As a child, I learned about the Holocaust in the 4th grade through the wonderful books The Devil’s Arithmetic by Jane Yolen and Number the Stars by Lois Lowry (as well as a little known book Escape from Warsaw by Ian Serraillier, which I still have my tattered copy of). These books were instrumental in helping me conceptualize the horrors of what happened to Jewish men, women, and children, but also how a group of people persevered with hope and strength. These books were placed in my hands at the perfect time developmentally, and even as an adult, I still have vivid memories of Annemarie and the casket in Lowry’s Number the Stars and the tension I felt when Hannah opened the door to welcome the prophet Elijah.
Like all kids learning about the world, I remember being horrified that something like this could’ve happened, and can recall pummeling my mother and father with questions that had no real answers. I remember the awkward expressions that donned the faces of my Jewish classmates as every non-Jewish kid stared at them, waiting for their reactions to the things our teacher told us about the Holocaust. I remember walking home from school with my Jewish friend Stephanie, wanting to ask if her grandparents survived the camps, but felt too ashamed to do so. Well-written books about the Holocaust helped me find avenues into the complexities of this horrific event. I do wonder if these books help Jewish children grapple with this inherited burden? Or do the books have more of a profound impact on non-Jewish people who are “witnessing” the horrors of another group? (I’ll have to pose the question to my fellow TWB Alyson Gerber .)
Being exposed to the tragedy of the Holocaust helped me wrestle with past atrocities related to the Black American community. Fifth grade was the year we learned about American Slavery and the Middle Passage. Now I was in the hot seat the same way my Jewish counterparts had been the year before. Faces turned to look at me and the three other black kids in class (Kara, Brett, and Whitney). I knew vaguely about slavery, as I grew up with southern parents and grandparents who had left the south for a reason. But my parents didn’t prepare me for what I was going to learn in school.

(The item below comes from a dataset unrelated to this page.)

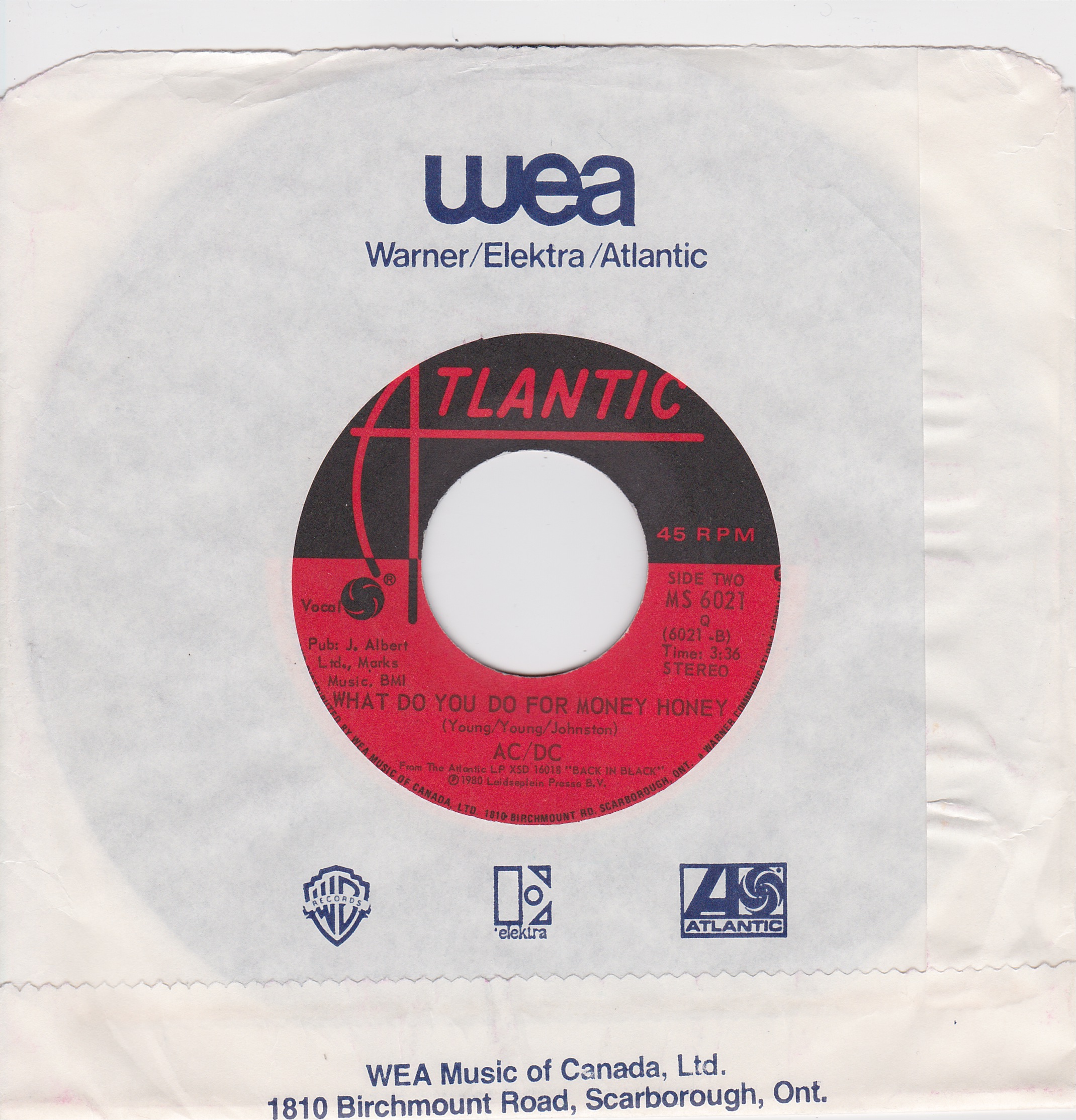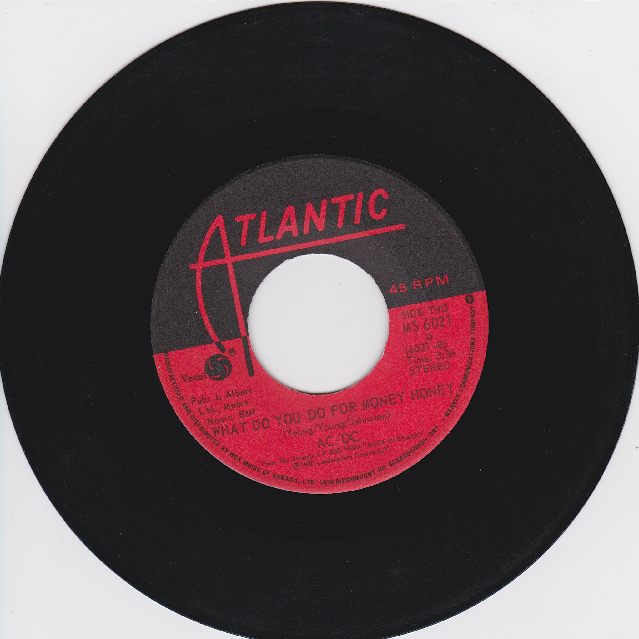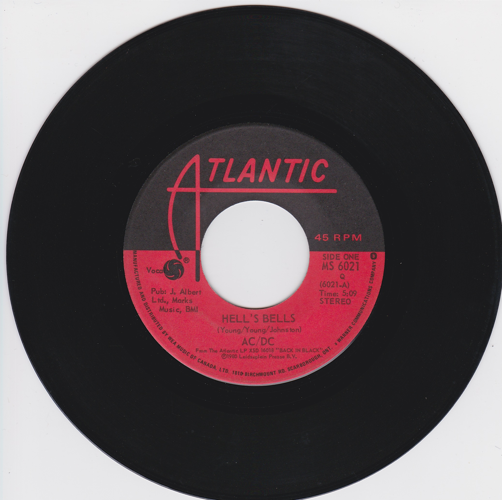Side 1 1) Hells Bells Side 2 1) What Do You Do for Money Honey |

Our teacher showed us clips from the movie Roots and we read excerpts from slave narratives and folktales, as there were no books for us to read about this experience at that time. It was horrific coming face to face with the painful reality of how your people came to America. But my teacher connected it back to the Holocaust and the values of strength, perseverance, and overcoming adversity. I think learning about the Holocaust helped prepare me for the details about American slavery and the Black slave experience. Being able to read about the terrible things that happened to Jewish people helped me confront the horrible things that happened Black people, and start to grapple with the inherited burden in my past.
Coming full circle, as a former third/fourth grade teacher, I taught Lois Lowry’s Number the Stars, and was able to use the horrific event of the Holocaust as a way to explore other human atrocities, and help students from diverse backgrounds start to think about how they can relate to this terrible event in human history. I am thankful for top-notch children’s literature on the Holocaust as a vehicle to explore what happened and ensure that it will never happen again.
In the words of President Obama, “We must heed the urgency to listen to and care for the last living survivors, camp liberators and the witnesses to the Shoah. And we must meet our sacred responsibility to honor all those who perished by recalling their courage and dignity in the face of unspeakable atrocities, by insisting that the world never forget them, and by always standing up against intolerance and injustice.”